Finally, a deep focus on observability and root cause attribution is maintained through comprehensive Spark execution metrics and automated classification of errors (e.g., customer-side vs. system issues), significantly reducing diagnosis time and ensuring a highly resilient data platform.

Activation

Activation is the critical final step in the Data Cloud lifecycle. Its core function is to transform static, segmented, unified customer profiles into actionable and enriched data and deliver this data to internal and external endpoints (such as Marketing Cloud, Commerce Cloud, and Adtech platforms). This process is designed to trigger personalized customer journeys and near real-time interactions. It supports advanced capabilities like related attributes, activation membership filtering, consent filtering, limiting, and ranking.

Activation offers three distinct methods for external delivery and channel compliance:

Activation utilizes the same patterns as segmentation for job management, distributed execution, and monitoring. This includes the principles of the job orchestration service for lifecycle management and the compute layer (Spark) for processing, and relies on job telemetry for performance observability and service level objective (SLO) adherence.

In addition to those, activation has -

Activation Target Management oversees the secure connections, credentials, and configurations for all destination endpoints. It guarantees that data formats and security protocols are standardized, ensuring dependable outbound delivery to various platforms, including Marketing Cloud, Adtech partners, and other external applications.

Activation tailors the payload for specific targets. For Salesforce Marketing Cloud, this includes Business Unit (BU) Aware Filtering, Multi-EID support, and cross-pollination controls.

Communication Governance acts as a gatekeeper, ensuring data usage and communication are compliant with customer preferences and legal requirements. Centralized consent model unifies all customer preferences, from global opt-outs to channel- and purpose-specific consent, and are stored on the Unified Individual Profile. During execution, the platform strictly enforces these policies by using exclusion filtering to automatically remove non-consenting individuals from the final payload. Furthermore, the system applies contact point selection rules to ensure it uses the single, most compliant, and preferred contact point for the intended channel before any data is transmitted. This enforcement mechanism is secured by the underlying governance framework, which employs protective measures like dynamic data masking and access controls to secure sensitive data fields throughout the activation process.

Unified Query: Seamless Access to All Customer Data

The true value of a unified data platform lies in its ability to provide effortless, consistent access to all its data assets, irrespective of their origin or structure.
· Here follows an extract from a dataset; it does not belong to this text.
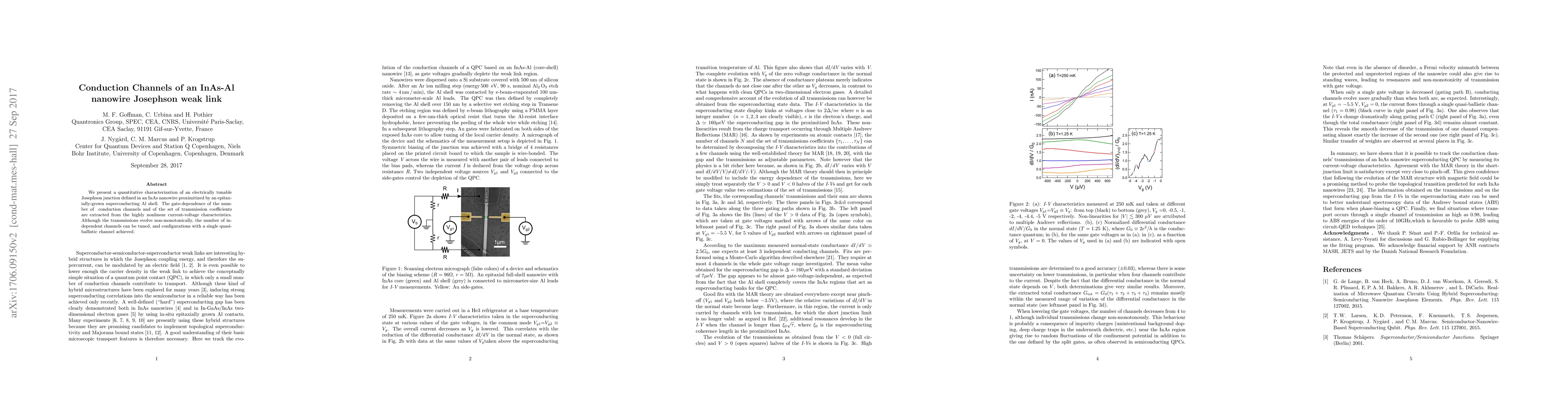 This paper characterizes a tunable Josephson junction in an InAs nanowire with a superconducting Al shell, showing how the number of conduction channels and transmission coefficients can be controlled via a gate, achieving configurations with a single quasi-ballistic channel. The study uses nonlinear current-voltage characteristics to extract these properties.

Salesforce Data Cloud's Unified Query capability is precisely engineered to deliver this, abstracting the underlying complexities of diverse data stores to provide a single, powerful query interface.

The Unified Query layer offers sophisticated access for diverse consumption patterns:

By providing a single, intelligent, and highly performant query interface, Data Cloud's unified query empowers architects to build agile, data-driven applications that fully leverage their complete spectrum of customer information.

Data Actions

Data Cloud is an active platform that supports the activation of pipelines in response to data events. For instance, a significant event, such as a drop in a customer’s account balance can trigger a Salesforce Flow to orchestrate a corresponding action. Similarly, updates to key metrics, such as lifetime spend, can be automatically propagated to relevant applications.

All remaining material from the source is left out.